3.  Grantees with Existing USEPA Construction Grants:
 
(A)  If the grantee has a current grant from the U.S. Environmental Protection Agency (USEPA) for construction of a sewage treatment works, the most recently established indirect cost rate in that grant will be used by the Agency, provided that:
 
(1)  the rate was approved by the lead federal agency; and
 
(2)  procedures established in Federal Management Circulars 73-6 and 74-4 were followed in determining the rate; and
 
(3)  the indirect cost rate in the USEPA grant was negotiated in accordance with the requirements of 40 CFR 30.715-2.
 
(B)  If the grantee has a current grant from USEPA for the construction of treatment works which shows a zero indirect cost rate or which specifies that there is not indirect cost rate, it is not eligible to establish an indirect cost rate for a state grant.
 
(C)  If the grantee is claiming prior cost involving force account work, the indirect cost associated with such work may be computed from an applicable USEPA construction grant made to the same grantee and in effect during the period of time in which the force account work was incurred.
 
(D)  To establish an indirect cost rate under this section, the Agency will require:
 
(1)  copies of all executed grants currently in effect between the grantee and USEPA, certified by the clerk or other appropriate official of the grantee;
 
(2)  a letter from an appropriate official of the grantee, authorizing representatives of the Agency to have access to the federal audit which served as the basis of the indirect cost rate in the USEPA grants.
 
(E)  If the grantee has more than one currently effective USEPA construction grant with differing indirect cost rates, the Agency will determine which of the federally approved indirect cost rates is most appropriate for use on the state grant project.
 
4.  Grantee without Existing USEPA Construction Grants:
 
 For grantees which do not have existing current USEPA construction grants, either of the following procedures may be used to establish an indirect cost rate:
 
(A)  A negotiated lump sum for overhead may be established, based on the grantee's submission of evidence of estimated charges to be incurred.
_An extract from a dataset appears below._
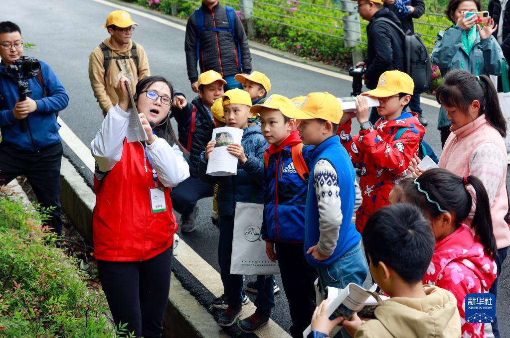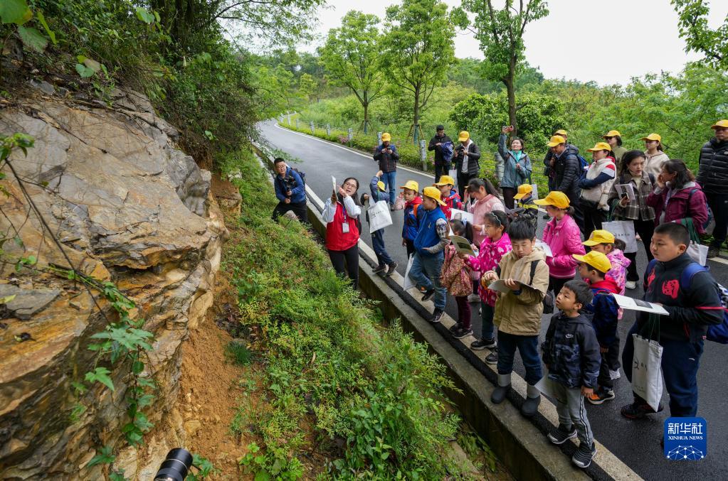 4月17日,参加活动的地学旅游爱好者、中小学生和部分媒体工作者,在地质专业工作人员的带领下进行铜锣山科学考察。

The provisions of 40 CFR 30.715-2(b) will be used as guidance in establishing such a lump sum. Lump sum indirect costs negotiated under this provision may not exceed one percent of the total project cost.
 
(B)  A negotiated indirect cost rate may be established, in the manner described in 40 CFR 30.715-2(a), in accordance with either of the following procedures:
 
(1)  For projects whose total estimated project cost is less than $10 million, the grantee shall follow the Agency's criteria for use in determining eligibility of specific items used in establishing an indirect cost rate, submit the completed indirect cost rate determination to the Agency with substantiation, and provide a certification from an appropriate official of the grantee that the information submitted is, to the best of its knowledge, true and accurate. Under this section, total indirect costs may not exceed five percent of the total estimated project cost.
 
(2)  For projects with a total project cost of more than $10 million, the grantee may propose an indirect cost rate, with substantiation and justification, to the Agency. The Agency will review the submitted information in accordance with guidance provided by Federal Management Circulars 74-4 and 73-6 and procedures described in 40 CFR 30-715-2(a).
 
5.  Disputes:
 
 The grantee will be notified of Agency approval or disapproval of a proposed indirect cost rate. If the Agency disapproves the proposed rate, its reasons for disapproval shall be stated, together with a more appropriate method of determination. If the grantee does not accept the Agency's determination of a more appropriate method, it may contest it pursuant to the provisions of General Condition 9, Disputes, of these general conditions.